The report disputes the widespread notion that Wyoming’s counties and municipalities receive big bucks from energy development in their backyards.
“Despite the high production value of extraction in Sweetwater County,” the authors conclude, “return to the county through state severance taxes is a small part of total county revenue.” Following Sublette and Campbell County, Sweetwater is Wyoming’s third-highest producer of mineral revenue.

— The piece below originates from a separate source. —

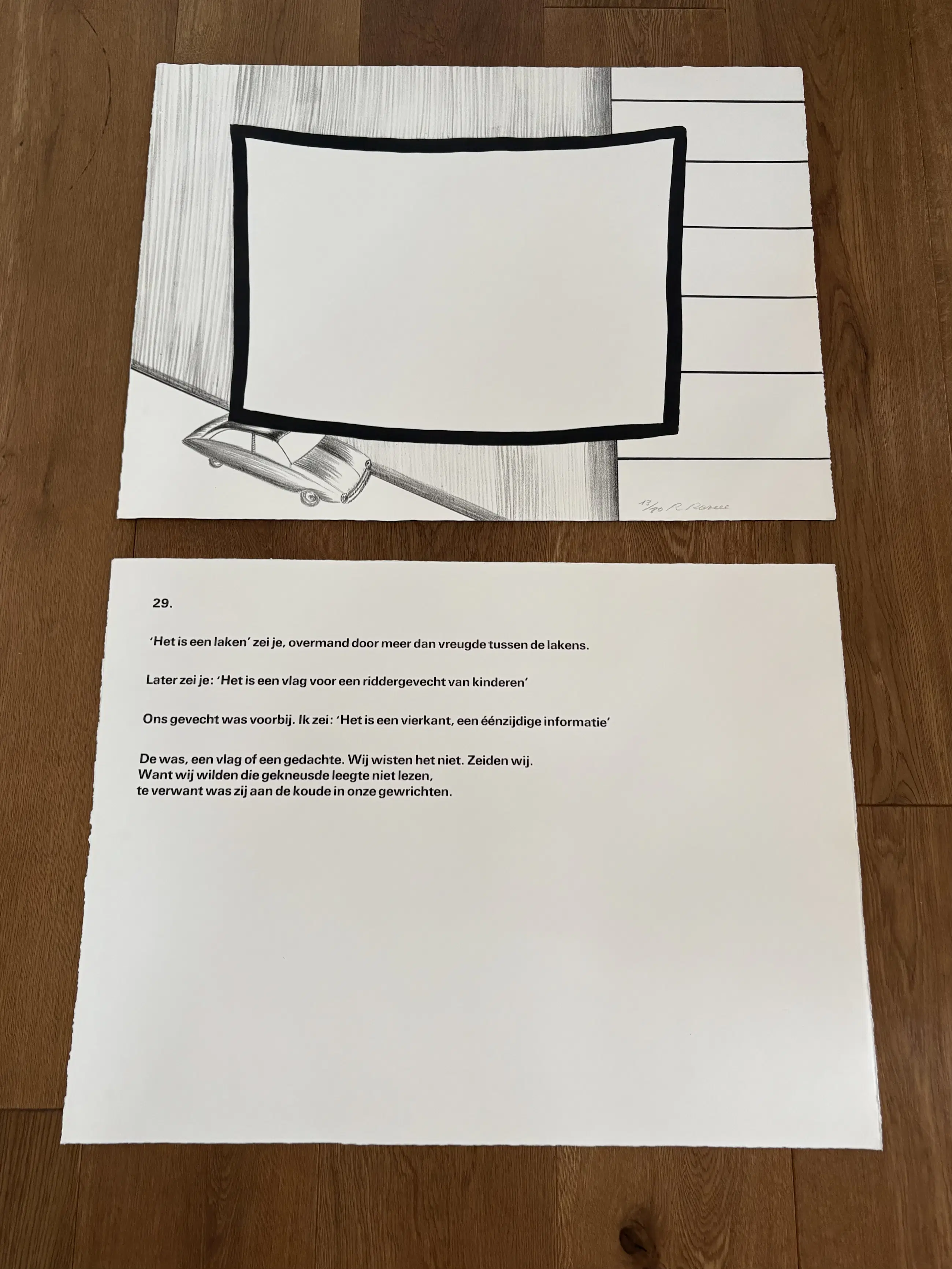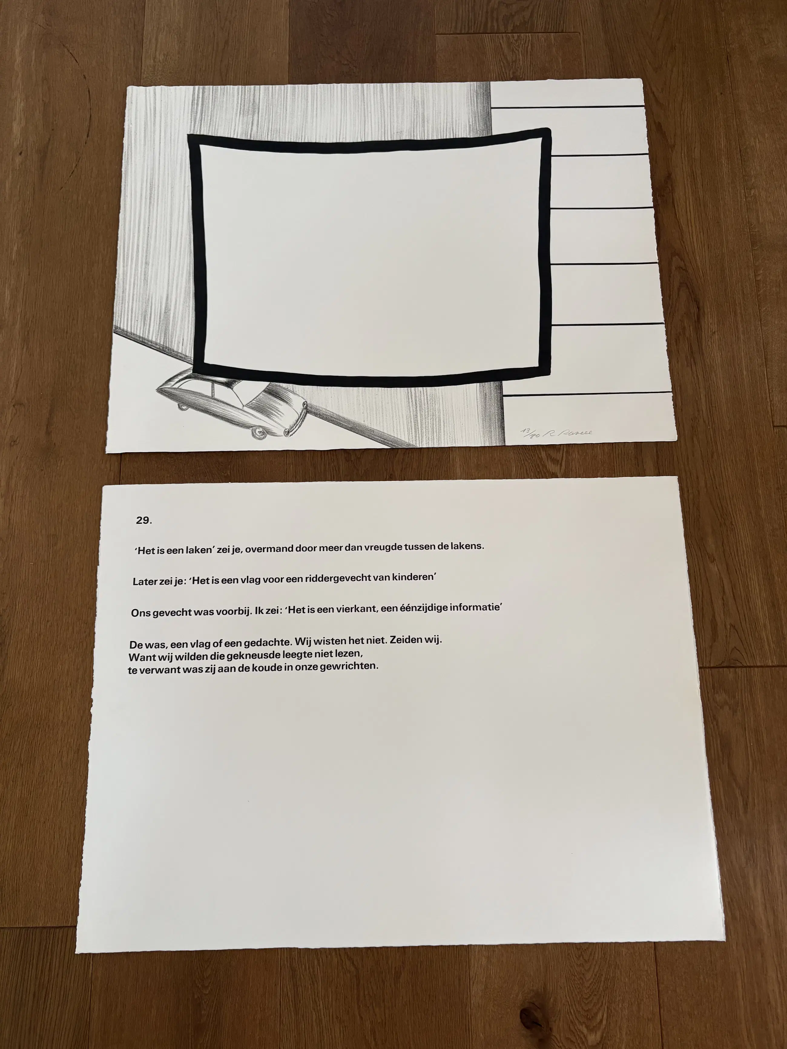 Das 29. Werk der Genesis-Reihe von Roger Raveel. Signiert und nummeriert, limitierte Auflage von nur 80 Exemplaren. Begleitgedicht von Hugo Claus Im Rahmen 80x60 cm

Yet, according to the report, Sweetwater isn’t getting much back:
“In 2007, state severance tax distributions (to Sweetwater County) of $444,866 made up seven percent of intergovernmental revenue, or ten percent of total revenue. Across Wyoming, the state returns only a small portion of total revenue to local governments (seven percent to counties and one percent to cities and towns in 2008 or $196 million and $25 million respectively).”… (more…)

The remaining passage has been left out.